Роксана взглянула на него с осуждением, поняв: сотник опять потешается.

— Неисправимый ты грешник, Войко, — вздохнула набожная базилисса. — Ангелов рядом с диаволами готов поставить… Молись скорее божьей матери, — перекестилась Роксана. — Может, она, всемилостивая, наставит тебя на добрый путь.

И снова надолго умолкла.

Следуя за могучим старым Изаром во главе небольшого отряда, Войку снова и снова с благодарностью возвращался мыслью к Велимиру Бучацкому, к его благородному поступку. Истинным рыцарем оказался в глазах сотника также побратим Володимер. Благородный Влад бросил на кон затеянной Чербулом опасной игры и достояние свое, и честь. Обласканный Штефаном-воеводой безвестный скиталец, вчерашний галерный раб менее чем за год стал одним из тех воинов-дьяков, чьими руками вершилась воля и претворялись в дела заветнейшие замыслы государя. В Сучаве, а личном войске князя, Володимер встретил немало ратников из разных русских земель. Иные, отслужив условленное время в наемных хоругвях, стали уже куртянами — получили из рук князя вотчины, обзавелись семьями. На положении куртянина, получив землю на три села близ Орхея, был теперь и сам Володимер, с тою разницей, что воины-дьяки князя несли службу при дворе круглый год, а не по срокам, сменяя друг друга в войске. Штефан прислушивался к его слову. Теперь, став пособником Войку в его проступке, Володимер мог лишиться всего, чего достиг. А то и голову потерять, если падет на нее скорый государев гнев.
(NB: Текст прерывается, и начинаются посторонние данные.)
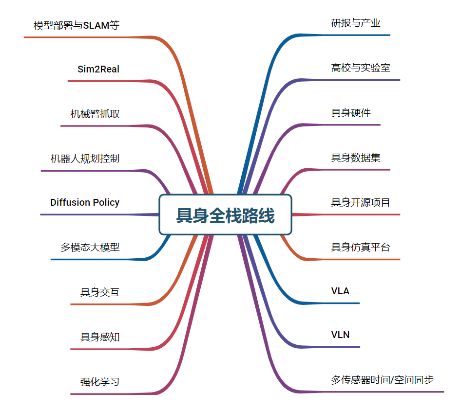 我们为大家汇总了近40+开源项目、近60+具身智能相关数据集、行业主流具身仿真平台、以及各类技术学习路线,包括但不限于:

Тропа выводила вдруг маленький отряд к домикам, запавшим между лесистыми холмами. Вдали изредка появлялись села в шевелюрах густых садов, монастыри. Деревянные церкви глядели с пригорков из-под высоких кровель, словно деды в больших кушмах. Отряд, не втягиваясь в долины, из осторожности продолжал двигаться вдоль опушек. Старые кодры, как мохнатые звери, спускались по холмам к озерам и рекам — попить холодной водицы, остудить замшелые пасти.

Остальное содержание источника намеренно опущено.